Second bottleneck: Ledger DB sync consumer. The TB-to-Postgres sync consumer writes 25,000 entry_lines/sec at peak. This is achievable with bulk INSERTs but leaves less headroom than other components.
| Metric | Required (peak) | Measured / rated capacity | Headroom multiple |
|---|---|---|---|
| Ledger write throughput | 25,000 lines/sec | 1,000,000+ TPS (TigerBeetle) | 40x |
| Auth lookup latency | < 1 ms | 107 ns (local cache) | 9,300x |
| Treasury reservation | 5,000/sec | > 1,000,000/sec (atomic ops) | 200x |
| NATS event publish | 5,000 msg/sec | 800,000+ msg/sec (cluster) | 160x |
| gRPC pool utilization | 5,000 req/sec | 200,000 streams (pool) | 40x |
| Redis operations | 10,000 ops/sec | 100,000+ ops/sec (single instance) | 10x |
| PgBouncer connections | 600 client | 600 client → 80 server (12x mux) | Multiplexing ratio 7.5-12x |
At current architecture, without major changes:
Current target: 50M txn/day (578 TPS sustained)
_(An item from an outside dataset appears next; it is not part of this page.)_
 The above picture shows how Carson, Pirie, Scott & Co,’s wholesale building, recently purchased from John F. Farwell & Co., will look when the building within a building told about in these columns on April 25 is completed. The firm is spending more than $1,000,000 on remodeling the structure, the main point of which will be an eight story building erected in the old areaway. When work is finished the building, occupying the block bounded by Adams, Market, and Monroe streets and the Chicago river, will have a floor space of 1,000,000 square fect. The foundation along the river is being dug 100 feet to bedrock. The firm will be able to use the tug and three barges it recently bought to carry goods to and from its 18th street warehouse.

Comfortable capacity: 100M txn/day (1,157 TPS sustained, ~6,000 TPS peak)
Stretch capacity: 200M txn/day (2,315 TPS sustained, ~12,000 TPS peak)
Architecture ceiling: ~400M txn/day (4,630 TPS sustained, ~25,000 TPS peak)
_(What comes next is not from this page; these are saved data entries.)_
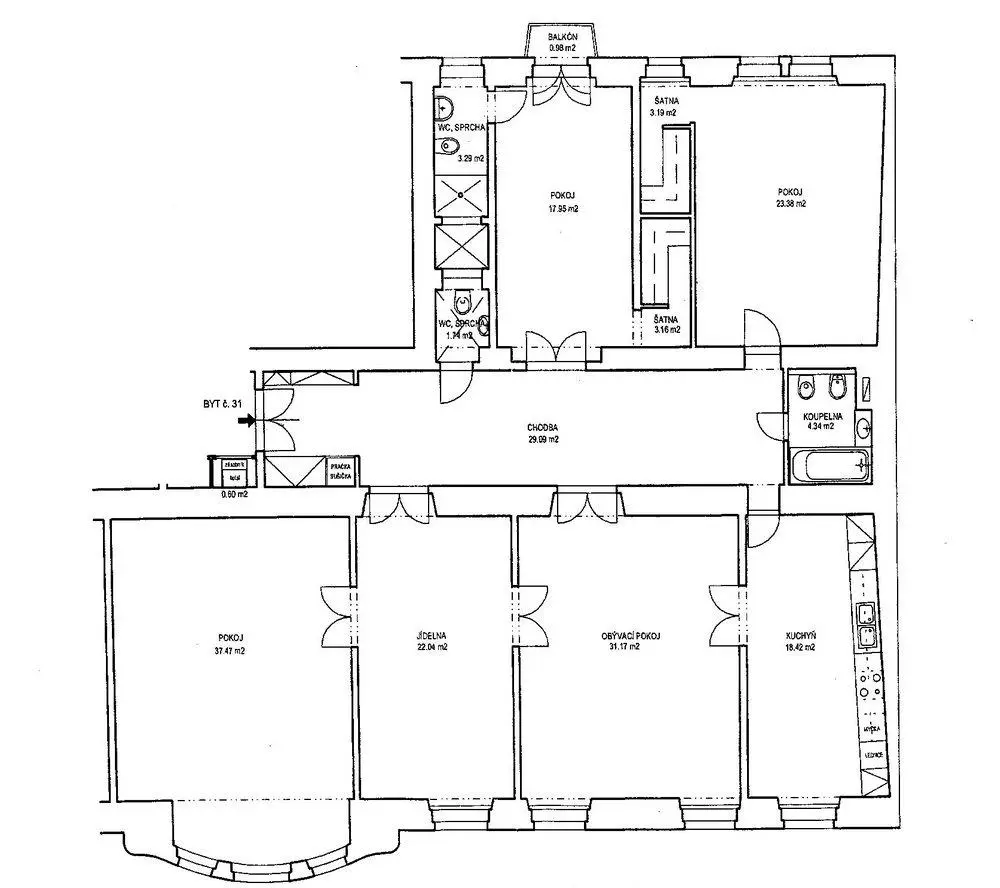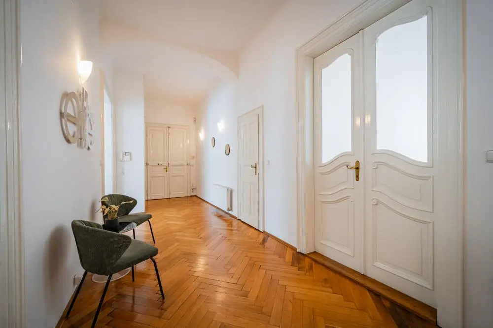 Byt je situován ve 3.patře renovovaného secesního domu s výtahem. Celková plocha bytu činí 197 m2, je vybaven kuch. linkou se zabudovanými spotřebiči, 2x koupelnou, 3x WC. Vytápění je samostatným plynovým kotlem. V bytě jsou masivní parkety, zdobené štukové stropy, dvoukřídlé dveře.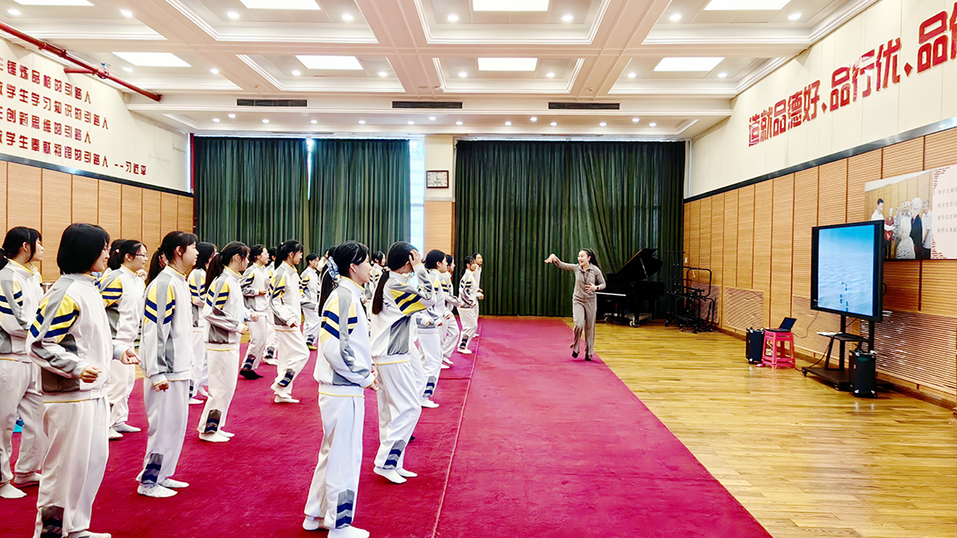 刘舒老师的“闪闪发光大女孩、全身舒缓放松瑜伽课”,聚焦初三学生的身心焦虑,以蜡笔小新趣味导入、呼吸球可视化练习引导学生释放压力,温暖柔软的旁白搭配简单体式,让学生收获身心双重舒缓。还吸引部分其他学科教师跟随刘舒老师一起学习瑜伽。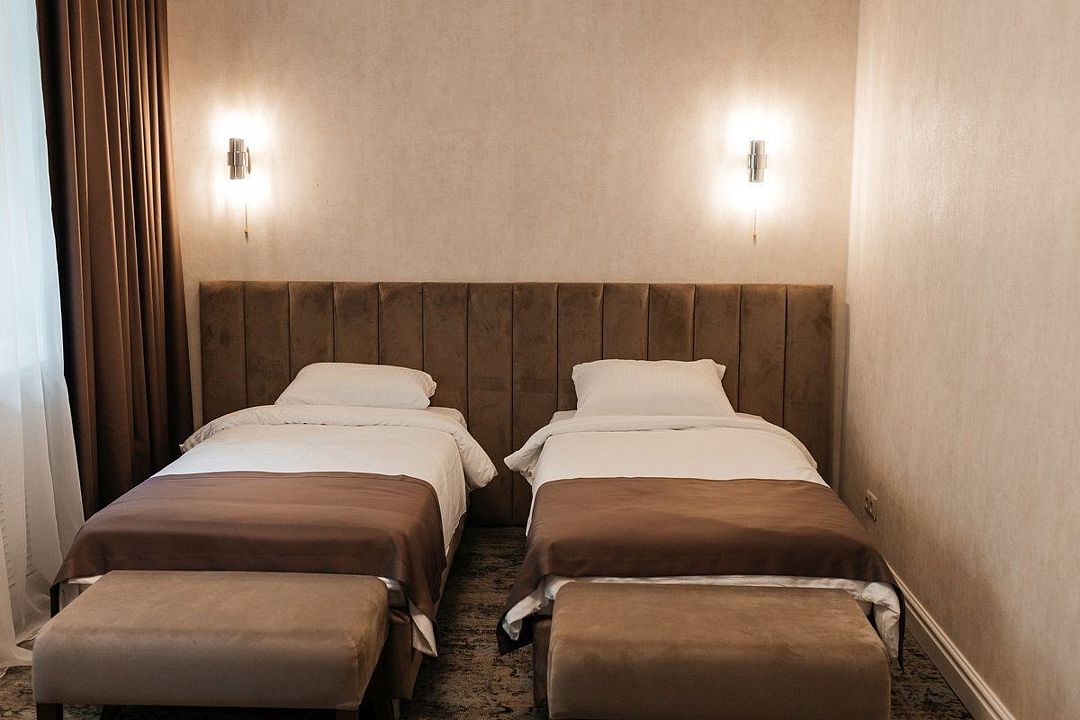 Однокомнатный номер с двумя раздельными кроватями. Прикроватный столик, два стула. телевизор, мини - бар.

Beyond 400M txn/day, the single-primary Postgres databases become the binding constraint and the architecture would need to evolve toward sharded writes or a distributed SQL layer.
The system is deliberately over-provisioned at the write path (TigerBeetle at 2.5%, treasury at < 1%) and right-sized at the database read/write path (Postgres at 50-60%). This is intentional: the write path components (TigerBeetle, in-memory treasury) are cheap to over-provision, while Postgres instances are the primary infrastructure cost. Scaling Postgres is expensive; scaling stateless Go services and in-memory operations is not.